Off gas from the roaster is first cooled from 1,000° F. to roughly 710° F. in a waste heat boiler. It is then cleaned from 440 grains per standard cubic foot (gr/scj) to 0.0054 gr/scf in a field Electrostatic Precipitator (ESP) and evenly split into either the main roaster fluidization stream or the gas cleaning feed stream. The recycled gas to the roaster contains 30 to 40 percent oxygen by volume and from this point the oxygen concentration is controlled. Certain benefits may be obtained by operating the roaster with an oxygen-enriched gaseous atmosphere as described in U.S. Pat. No. 5,123,956 to Fernandez ct al., which is incorporated by reference herein.
The Gas Cleaning Operations: The primary functions of the gas cleaning plant are to cool the incoming gas stream, adjust water vapor levels for the acid plant, remove acid mist by wet-gas Electro-Static Precipitation (ESP), remove fluorine, remove mercury vapor, and recovery the mercury through electrowinning.
Both parallel roaster trains combine before entering the single gas cleaning plant. Hot gas (710° F.) first enters an adiabatic cooler and flows counter current to scrubbing solutions. Evaporation cools the gas to an exit temperature of 150° F. The gas water saturation levels at this temperature are above levels that can be tolerated in the acid plant. Therefore, the gas is cooled to a temperature less than 90° F. in two parallel, two stage lead lined tube-and-shell heat exchangers.
After the gas exits the gas coolers, it enters the first of two identical wet ESPs to remove small amounts of particulate and more importantly, acid mists. The wet ESPs were fabricated from plastics and depend on a water film to provide the collecting electrodes surface.
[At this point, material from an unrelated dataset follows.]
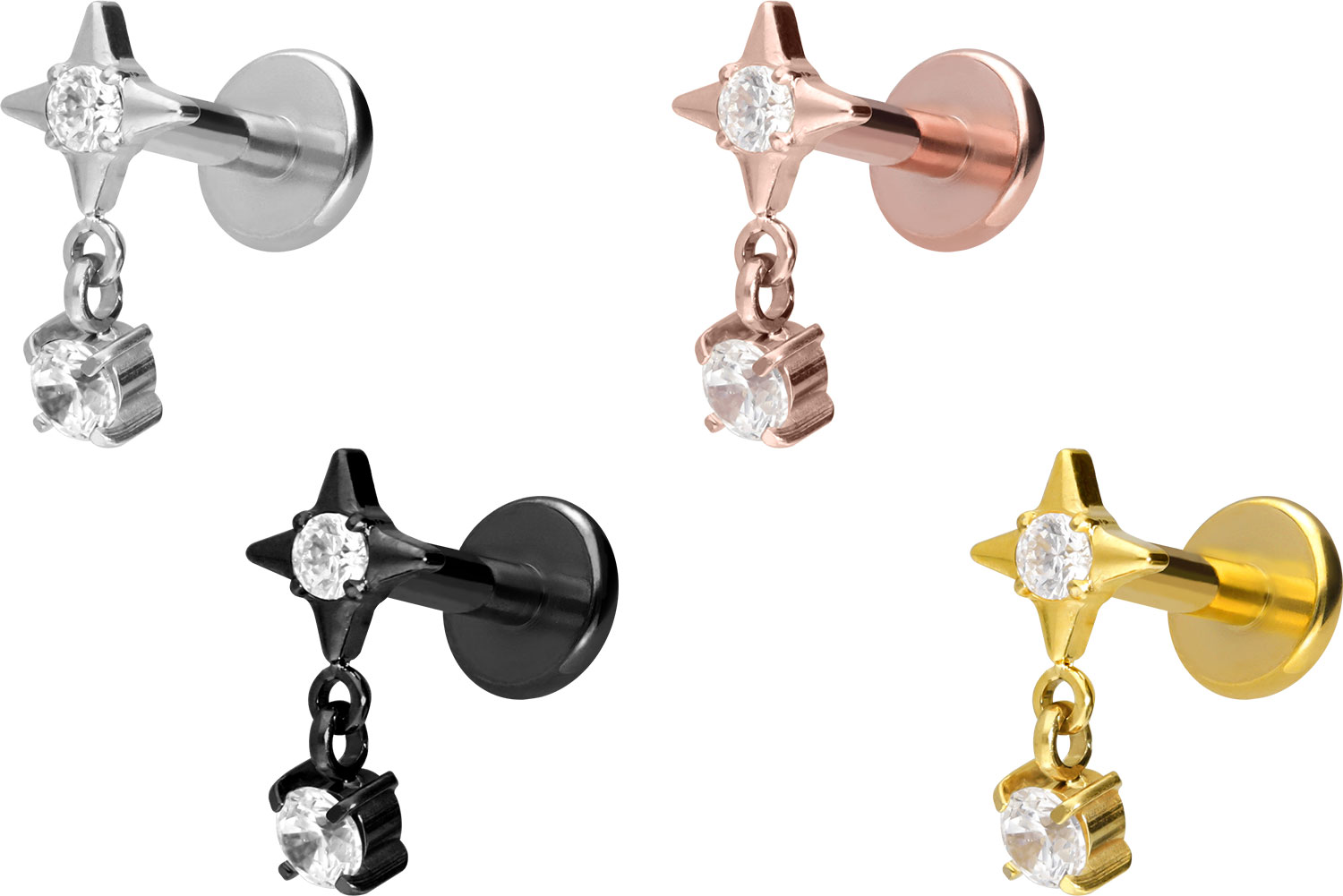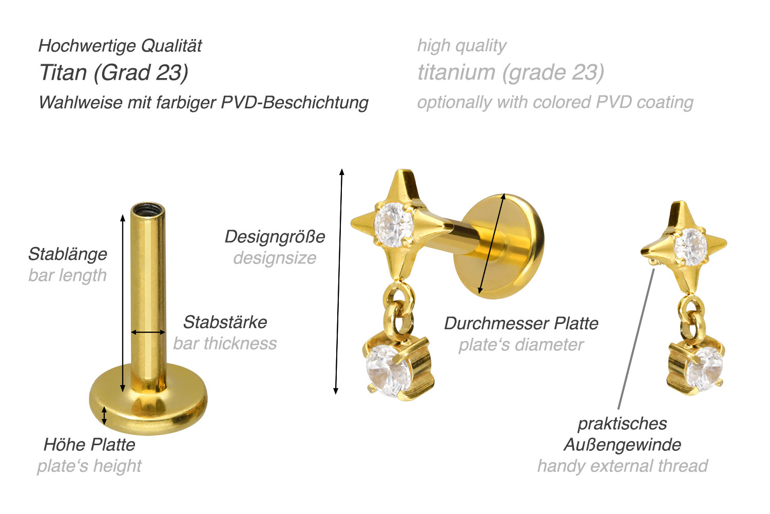 Titan Labret mit Innengewinde STERN + KRISTALL

Fluoride is removed to prevent deterioration of the acid plants catalyst silica substrate. Gas enters the tower at the bottom and is sent through a packed bed of sacrificial silica saddles. Approximately 80 percent of the fluorine is removed by the chemical reaction with this silica packing. After the fluorine tower the gas then passes through the second ESP identical to the one previously mentioned.
The final step of gas cleaning is the removal of mercury from the gas stream. Mercury is volatilized in the roasting process and reacts with other compounds or condenses during the gas cleaning's cooling and cleaning processes. The mercury tower uses a scrubbing solution of mercuric chloride to complex the gaseous mercury into mercurous chloride (calomel). Calomel is then chlorinated back to mercuric chloride and either returned to the mercury tower or the mercury is recovered by electrowinning.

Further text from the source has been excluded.